India announced the launch of Weavesmart on its marketplace yesterday. Weavesmart is India’s largest e-commerce store for Handlooms as well as an e-marketing partner for the Ministry of Textiles for promoting Indian Handloom Brands and Handloom Marked Products.
In India, weaving centres are often organised as clusters. Each cluster is made up of shop owners, master-weavers and weavers (master-weavers are highly experienced weavers who create their own designs and send them to other weavers to recreate). Weavesmart works closely with clusters belonging to the smallest of villages in an effort to bring the weaving community online.
Weavesmart currently boasts of more than 20,000 products and has a network of more than 3000 weavers. Amazon India intends to help and empower these weavers associated with Weavesmart by expanding their reach to the millions of Amazon customers across India.
Ms. Nishita Manne CEO, Weavesmart says “Indian weavers produce some of the finest handloom and handcrafted products which have always found resonance with shoppers across the country. Weavesmart was launched with the objective to bring together the weaving community and buyers and provide a platform to showcase authentic and beautifully handcrafted products created by the weavers and artisans. We are delighted to partner with Amazon India as this launch helps to achieve this objective. It will provide the weavers with the opportunity to reach out to millions of Amazon.in customers and expand their sales.”
Incidentally, this is not Amazon’s first venture into Handlooms. In 2016, Amazon launched its “Handloom & Handicraft” store on Amazon.in partnering with various government bodies like DC Handlooms and the Gujarat Tribal Development Dept. a venture that Amazon claims took onboard 1100+ weavers/cooperatives/artisans in 11 states through 35+ workshops, positively impacting 1.5 lakh weaver & artisan households.
Handlooms are one of India’s largest economic activities after agriculture. This sector contributes to 15% of the country’s total cloth production and accounts for 95% of the world’s total hand woven fabrics. However, handlooms is essentially an endangered craft, an official survey published by the Office of the Development Commissioner (Handlooms) suggests that weavers have reduced from 124 lakhs in 1970 to 64 lakhs in 1995 dropping down to 43 lakhs in 2017.
Amazon’s entry, while being promoted as a boost to sellers and buyers alike, does fly in the face of some key assumptions about Handlooms.
For one, the handloom sector promotes the culture of commercially aware consumers. Buying handloom products is an experience for both the buyer and the seller, the weaver. Nowadays, shopping for clothes has become an impersonal experience, where the consumer is not aware of the cloth being used and more importantly how and where it’s being made. Many online sites like Weavesmart hope to overcome this problem by enabling weavers to directly post their weaves online, which would enable consumers to view the product, where its made, how its made and by whom its made.

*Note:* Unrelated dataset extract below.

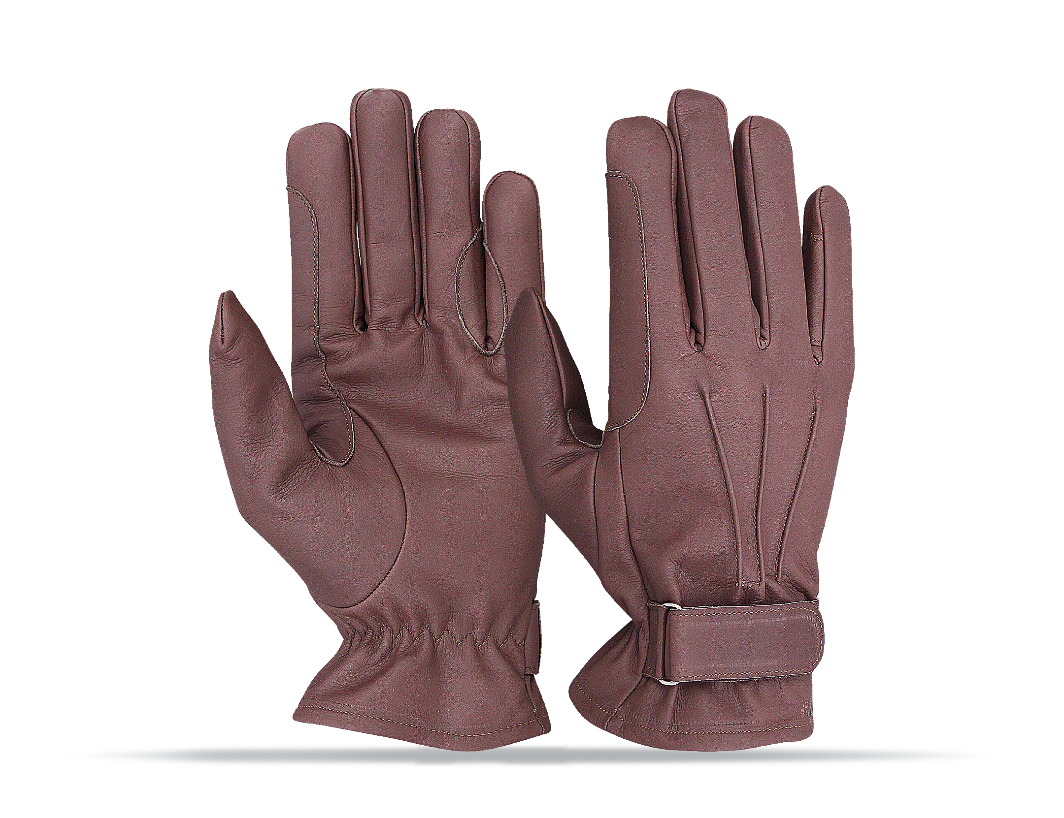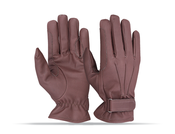 Goatskin leather Back cotton fabric wrist elastic & Velcro closure.

However, Amazon might undo Weavesmart’s “vision”. Amazon is the world’s largest online retailer, where millions of people throughout the country order thousands of goods online everyday. Amazon in essence promotes the “impersonal” shopping culture more than physical retail stores. This is where things get complicated. Even though Amazon will enable the weavers to access larger crowds, the high demand of items (handlooms cannot mass produce like powerlooms) besides ‘competitive’ pricing offered on Amazon could lead to a situation of buyers simply buying these handlooms like any other fashion item, besides the risk of mass produced ‘fakes’.
“There will be no sensitivity while handling the weavers”, said Ms Sheela Lunkad founder of Direct Create (an online community platform to bridge the gap between makers (artisans, weavers, handicraftsmen) and designers &/or consumers) to Iamrenew.

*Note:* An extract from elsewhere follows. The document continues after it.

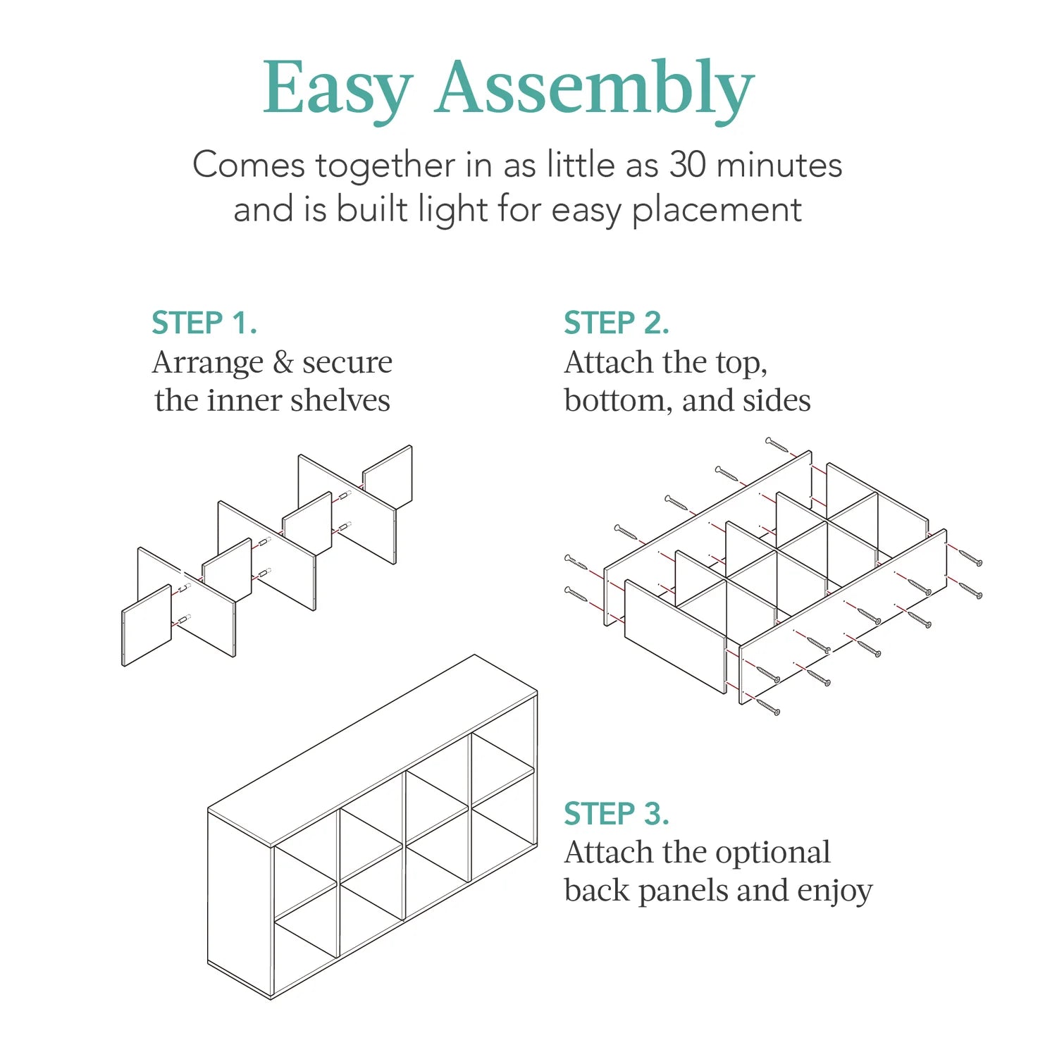 8-Cube Bookshelf, 11in Storage Display w/ Removable Panels, Customizable (White)

Ms. Lunkad believes Amazon’s commercialisation will take away the opportunity for people to connect with the weavers. The handloom sector like any other handicraft sector requires a technology system where weavers, designers and consumers meet online, connect and then place orders, thereby enabling weavers to gain larger consumer bases all over the country, without them (or the consumer) having to move. This is something Amazon is not designed to do, in her view.
Amazon promotes a culture of fast-fashion. This culture is the very reason why the fashion/textile industry is the second largest polluter in the world after the oil and gas industry (you can read more about it here). Handlooms create almost no pollution during their production and their minor carbon footprint could very much be the key to fashion being sustainable. However, the Amazon approach of mass-production, low prices and global shipments might actually undo that effort.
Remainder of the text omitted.